Hasankeyf is like Istanbul: the geography is irresistible and compelling.  When you stand at this place, you know instantly why it was chosen – not just as a military post – but as a spiritual home. 

But did people settle here first for military reasons or in search of spiritual refuge?  What draws people to Istanbul and why has it remained so important over such a long time?  Is it spiritual endowment or strategic location along the corridors of economic and military power? 

Hasankeyf offers a chance for collective self-reflection about what it is that motivates and enables us to cluster in cities – built environments that support spiritual and intellectual growth and also provide security and economic opportunity . . . and the possibility (i.e., the inevitability if not the necessity) of war.

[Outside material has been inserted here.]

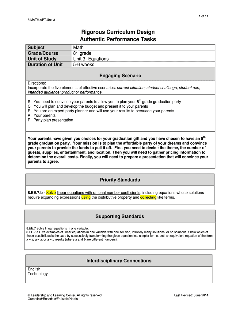 1 of 11 8.MATH.APT. Unit 3 Rigorous Curriculum Design Authentic Performance Tasks Subject Grade×Course Unit of Study Duration of Unit Math 8th grade Unit 3 Equations 56 weeks Engaging Scenario Directions: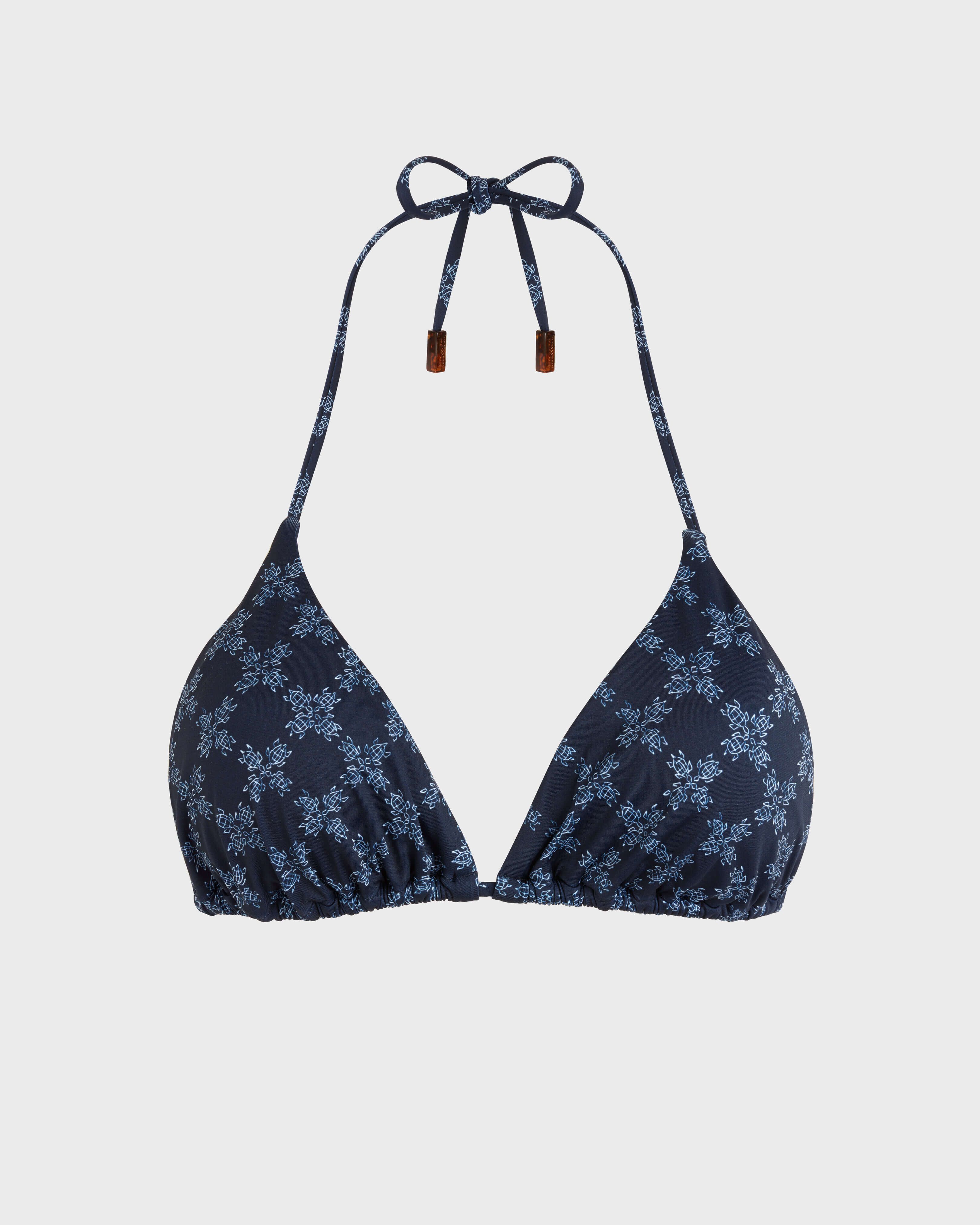 - Women triangle bikini top, back and neck to be tied - Vilebrequin engraved tortoise detail - Removable padding cups - Size S measures to a B-cup - Women triangle swimwear - Turtles Monogram women swimwear - Model wears size S - Model measurements: Chest 84cm, Height 175cm, Waist 59cm, Hips 85cm - 80% Polyamide - 20% Elasthanne

Hasankeyf, like many archeological sites, enables us to think about “city-ness” as we climb over old streets and collapsed walls.  What is different about Hasankeyf is that we have the chance to experience “city-ness” up close in a medieval and Islamic context.  And, ultimately, Hasankeyf is one of the best parallels for understanding Istanbul, because the city reduces the urban experience to its fundamental elements:

Geography/land
Spiritual privilege
Strategic location

Any great city must combine these basic elements.  In both Hasankeyf and Istanbul, the value of being there adds up to so much more than the sum of its parts, because each place is endowed with a special quality that touches the soul deeply and nourishes it endlessly.

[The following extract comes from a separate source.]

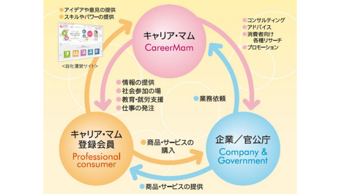 全国約10万人の主婦会員を有し、マーケティングやリサーチ、アウトソーシング、コワーキング施設の運営など、多岐に渡る事業を展開する「キャリア・マム」。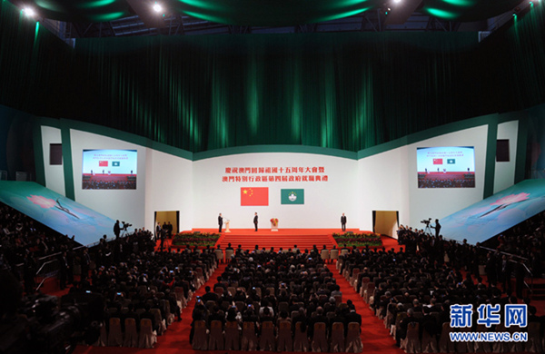 Die Feier zum 15-j?hrigen Jubil?um der Rückkehr Macaus zu China sowie die Vereidigungszeremonie der vierten Regierung Macaus haben am Samstag feierlich in der chinesischen Sonderverwaltungszone Macau stattgefunden. Der chinesische Staatspr?sident Xi Jinping wohnte der Zeremonie bei.

The problem is that Hasankeyf has utterly lost its strategic value.  Once it became part of the Ottoman Empire in 1516, it was no longer on the frontier.

15 Şubat 2011 Salı

Going back to how things look from Hasankeyf


Hasankeyf values may seem a pretentious title, but "Hasankeyf" is already in use on Blogger, so I tried adding "values" and it worked. I could have used "view," because I think the view of the landscape from in front of the Great Mosque (pictured here) is one of the best things about Hasankeyf. Standing on top of the cliff, looking across the Tigris Valley to the mountains in the north -- this is where you can understand that the site is a composite and integral whole. Geology, biology, and a medieval city. All at once. And gradually the history of Anatolia comes into focus.

But "view" might be too touristic.

So the title is a bit of a gamble. Are we up to it? Can we sustain a conversation about Hasankeyf and the ethics by which we make political and economic decisions? Can we talk about Hasankeyf in terms of the trade-offs that inevitably must be made if the standard of living is to keep rising? How much are those of us who live in a city, say Istanbul, willing to pay for a continuous supply of electricity or for the opportunity to choose filtered coffee (imported) over a slender glass of tea (locally produced)?

And who are "we" any way? I am certainly not up to this debate on my own. So please share your thoughts and opinions. My hope is that this will be a good venue for surfacing and evaluating information about Hasankeyf and the Ilisu Dam Project.